LncRNAs are rapidly being recognized as important regulators of gene expression in cancer. The evolutionary conservation, diversity and complexity of lncRNAs indicates that they exert significant regulatory control on cell growth. While understanding the mechanistic role of lncRNA in cancer is still early, general principles are emerging. LncRNAs, e.g., HOTAIR, are deregulated in many cancer types, affect signaling pathways that promote cancer and modulate gene expression. Future studies will identify similar lncRNAs leading to signatures to better diagnose cancers. LncRNAs should allow for better stratification of cancer subtypes to correlate lncRNA expression with therapeutic response, drug resistance and overall survival. Similar to miRNA expression profiling in multiple myeloma and related B cell malignancies, lncRNAs profiling should lead to the identification of genetic subtypes and their association with treatment response and survival [120–122]. Finally, the structural and functional novelty of lncRNAs offers promise as anticancer therapeutics that may avoid the emergence of drug resistance commonly seen with the currently used agents. Studies to better understand the molecular mechanisms of lncRNAs in cancer offers promise for the development of more effective cancer therapies.

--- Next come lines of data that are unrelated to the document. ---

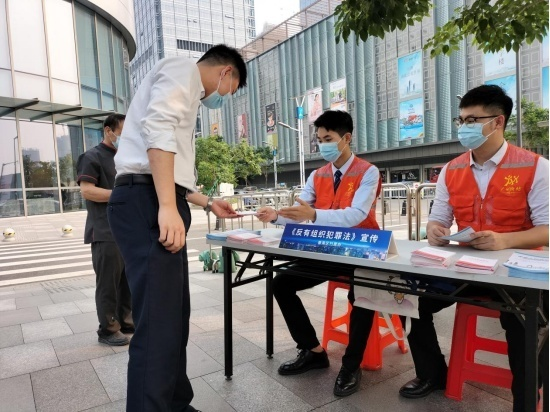 “您好,我们今天来进行《反有组织犯罪法》的宣传,这是我们印制的宣传彩页,里面有详细内容、法律亮点解读等内容,您可以了解一下。”“我最近经常在网上能看到这个《反有组织犯罪法》,正想着详细了解一下,你们今天的宣传太及时了”。
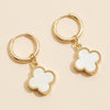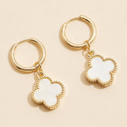 Update your stylish look with our fashionable flower Shape Shell Charm Hoop Earrings. These hoops feature clover-shaped shell charms that add a touch of elegance to your outfit. Elevate your fashion game with this trendy accessory.
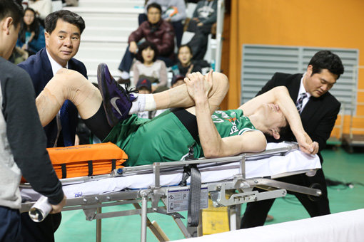 동부 김주성이 1일 원주에서 열린 LG와의 홈경기 도중 발목 부상을 당한 뒤 고통스러운 표정 속에 들것으로 실려 나가고 있다. 사진제공|KBL
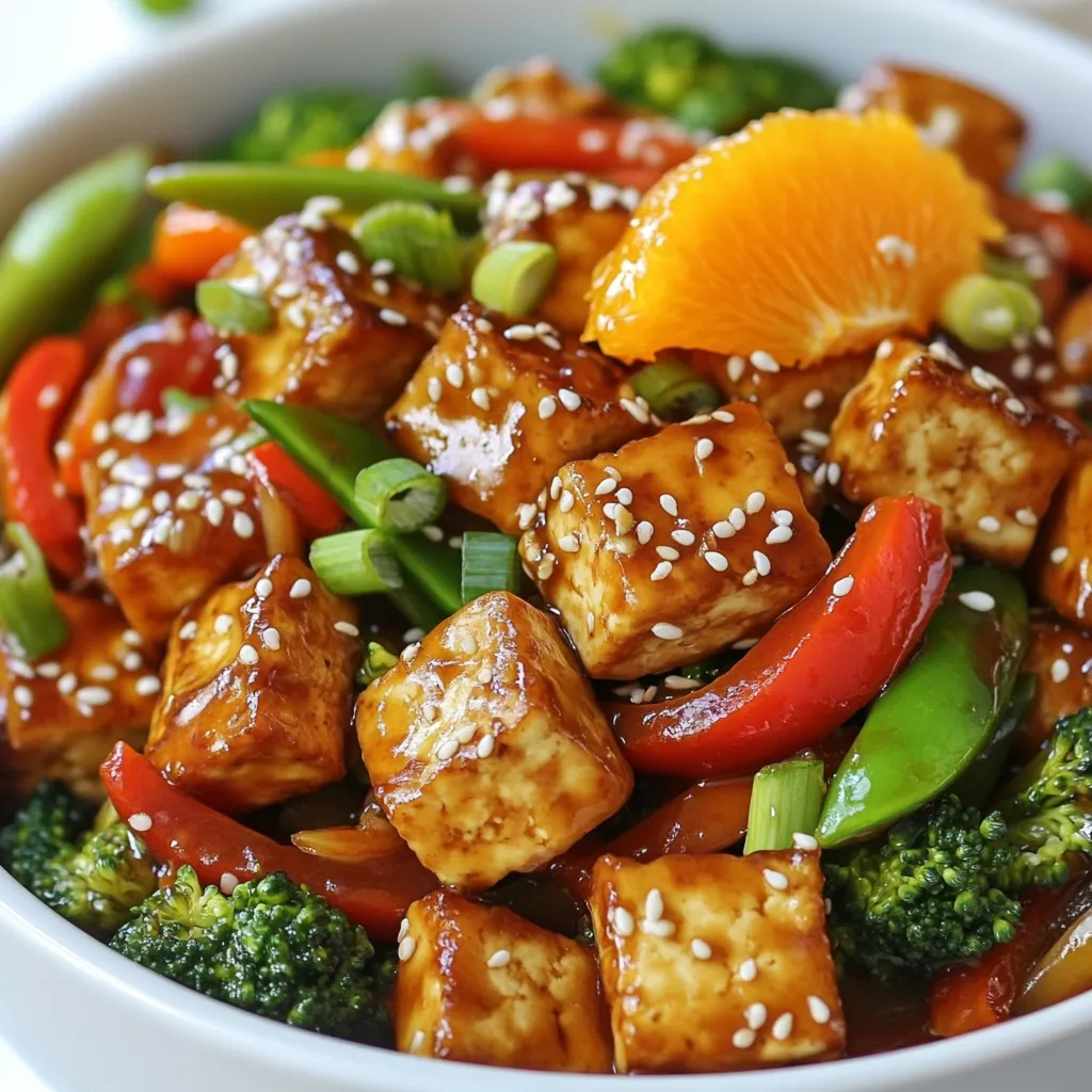 A vibrant and flavorful stir fry featuring tofu, fresh vegetables, and a zesty orange sauce.
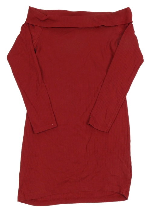 Rubínové rebrované elastické šaty s lodičkovým výstřihem H&M
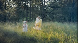 The eyes are glassy and watery, as if they’ve just stopped crying or haven’t started yet. And then there are the rabbits: fragile, tender, ever-watching. They’re not sidekicks. They’re witnesses.
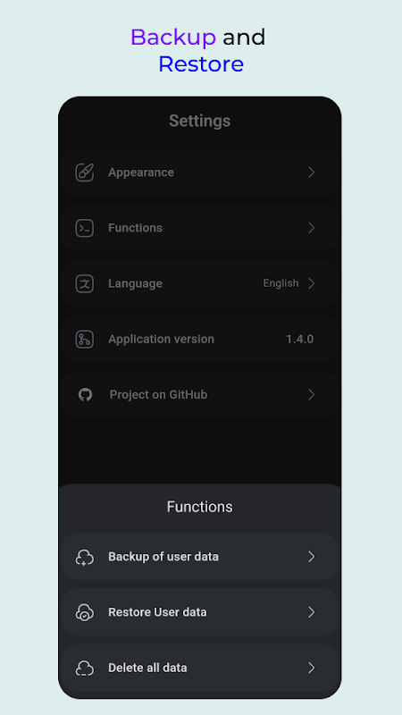 📂 Reservar cópia: Сохраняйте данные в безопасности с функцией резервного копирования.
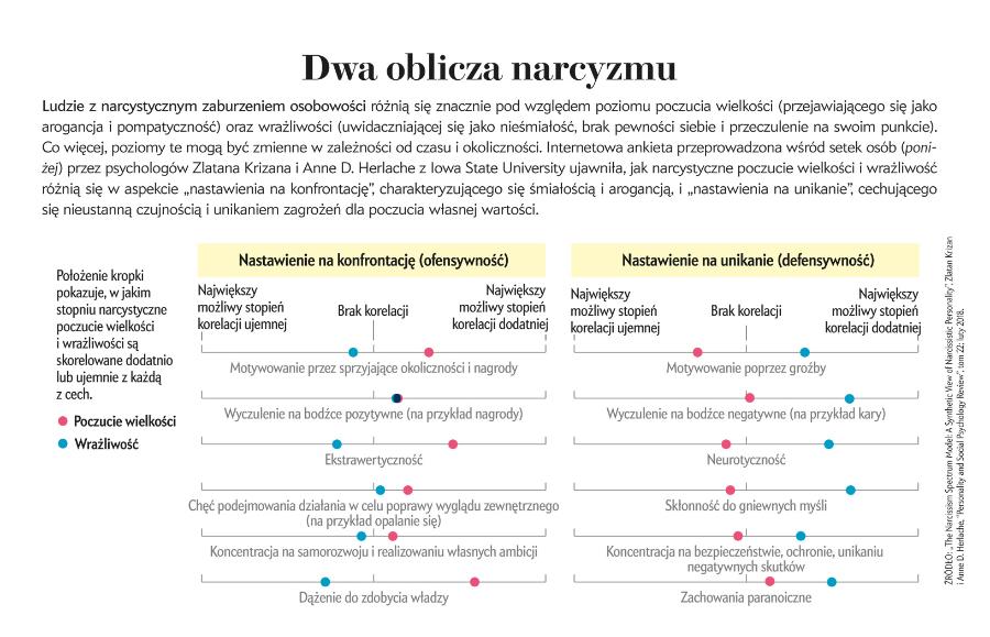 Na początku XXI wieku Aaron Pincus, psycholog kliniczny z Pennsylvania State University, stwierdził, że to skupienie się na poczuciu wielkości nie odzwierciedla dokładnie tego, co obserwuje u narcystycznych pacjentów. „Całkowicie pomija się to, co zwykle skłania pacjentów do przyjścia na terapię, czyli wrażliwość i niepokój – mówi Pincus. – To sprawiło, że podjąłem misję wypracowania precyzyjniejszego podejścia naukowego”. W pracy przeglądowej z 2008 roku Pincus i jego współpracownicy ukazali ogromną zmienność w sposobie, w jaki specjaliści w zakresie zdrowia psychicznego konceptualizowali NPD, z dziesiątkami określeń na charakterystyczne przejawy narcyzmu. Niemniej był tu również element wspólny – podział na wspaniałościowe i wrażliwościowe sposoby, jakimi to zaburzenie się wyraża.
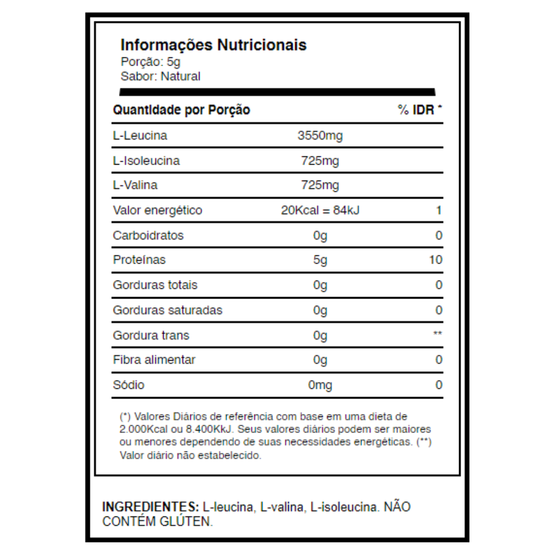 - Leucina, Isoleucina e Valina: Fórmula balanceada com a proporção 5:1:1, cientificamente comprovada para maximizar os benefícios dos BCAAs.
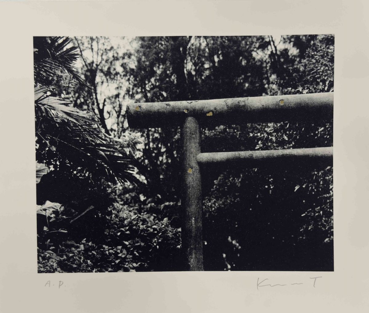 寺田の作品における「ストゥディウム」としての明示的な意味が、「戦争遺構や近代産業化の象徴である製糖工場跡に残る沖縄戦の痕跡」であるならば、遅れて発見され、見る者をまさに刺し貫くような「プンクトゥム」は何に相当するだろうか。本シリーズの要諦は、銃痕を撮影し、穴を開けられた被写体に「神社の鳥居と狛犬」が含まれていることだ。「沖縄の風景に鳥居があること」は、一見、とりたてて注目すべき点のない、ごく当たり前の風景に思えるかもしれない。だが、これらは、戦前に、沖縄神社(首里城内に設置)や護国神社などの創建に加えて、沖縄の聖地である
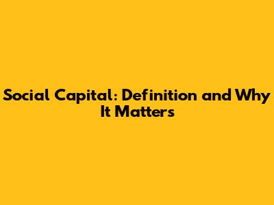 Social Capital: Definition And Why It Matters
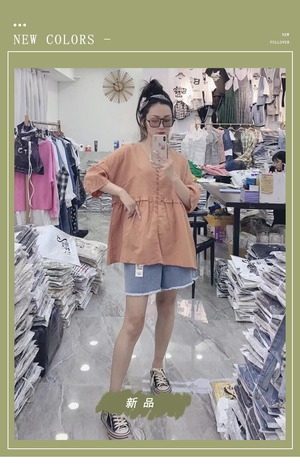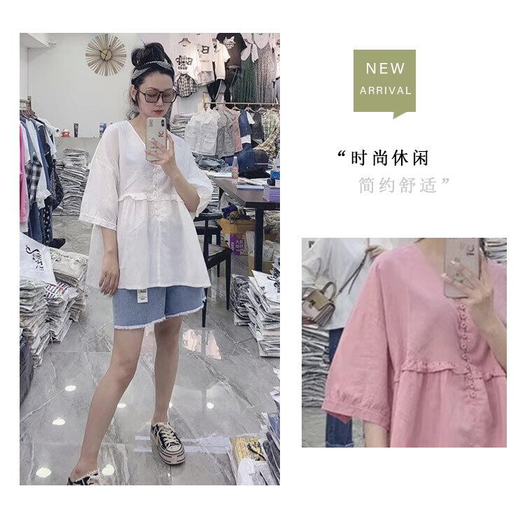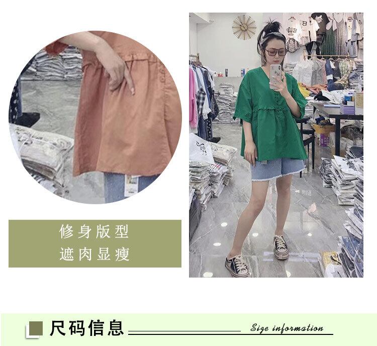 サマースタイルVネックルーズカジュアルトップス 大きめサイズ 夏物 ミックスインファッション66917238076
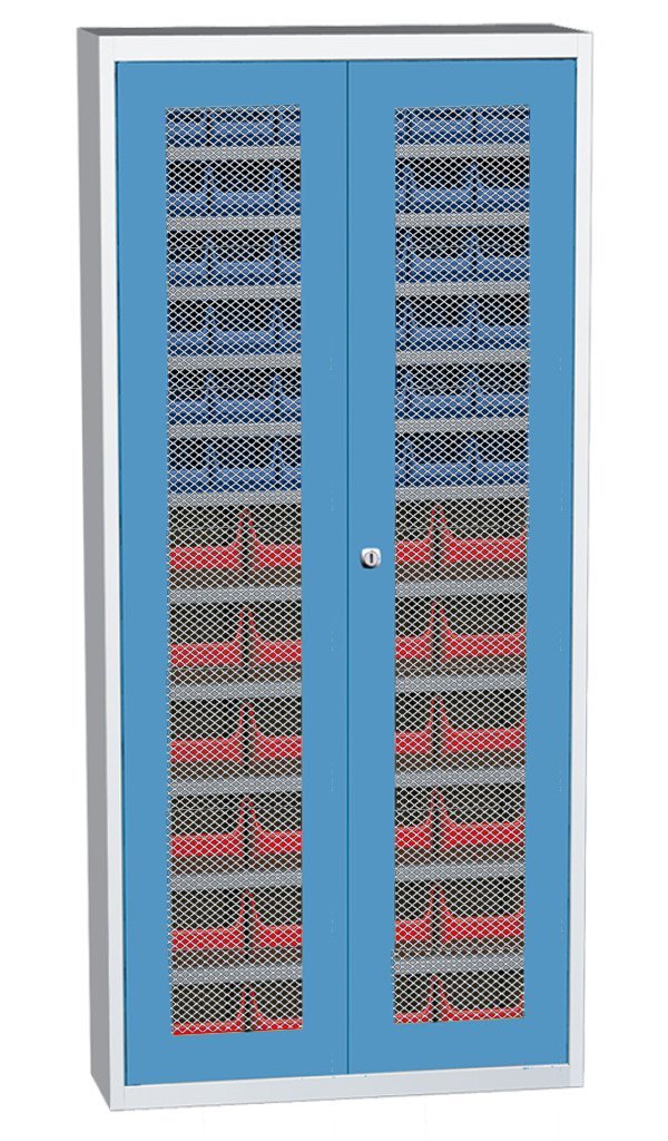 Two-door workshop cabinet with plastic boxes (45), width 950, height 1950, depth 400 mm. 9 x shelves, 25 x plastic box 456209 (w.150 x h.125 x d.235 mm), 20 x plastic box 456214 (w.205 x h.150 x d.352 mm). Possibility of replacing solid doors with doors with glass or wire filling. Body color RAL 7035 light gray.
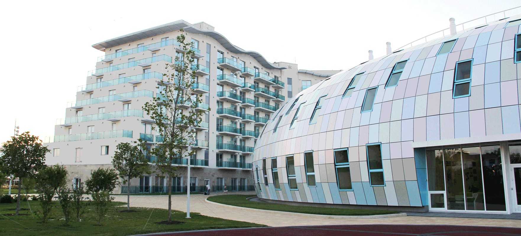 - Общая площадь комплекса образовательных учреждений: ок. 30000 м²

Figure 4: Frequency of HOTAIR alteration and putative HOTAIR-controlled genes across cancer types. (A) Cross-cancer alteration summary for HOTAIR from 69 independent studies to correlate HOTAIR expression with alteration frequency. Potential alterations included mutation, deletion, amplification or multiple alterations. Data was obtained from the cBioportal for cancer genomics (http://www.cbioportal.org/public-portal/, Memorial Sloan-Kettering Cancer Center, NY, NY). (B) Shown is the correlation between the alteration of EED1, a putative target of HOTAIR, across different cancer types. Potential alterations included mutation, deletion, amplification or multiple alterations. Data was obtained from the cBioportal for cancer genomics (http://www.cbioportal.org/public-portal/, Memorial Sloan-Kettering Cancer Center, NY, NY).
Conflicts of interest
The authors declare no potential conflicts of interest.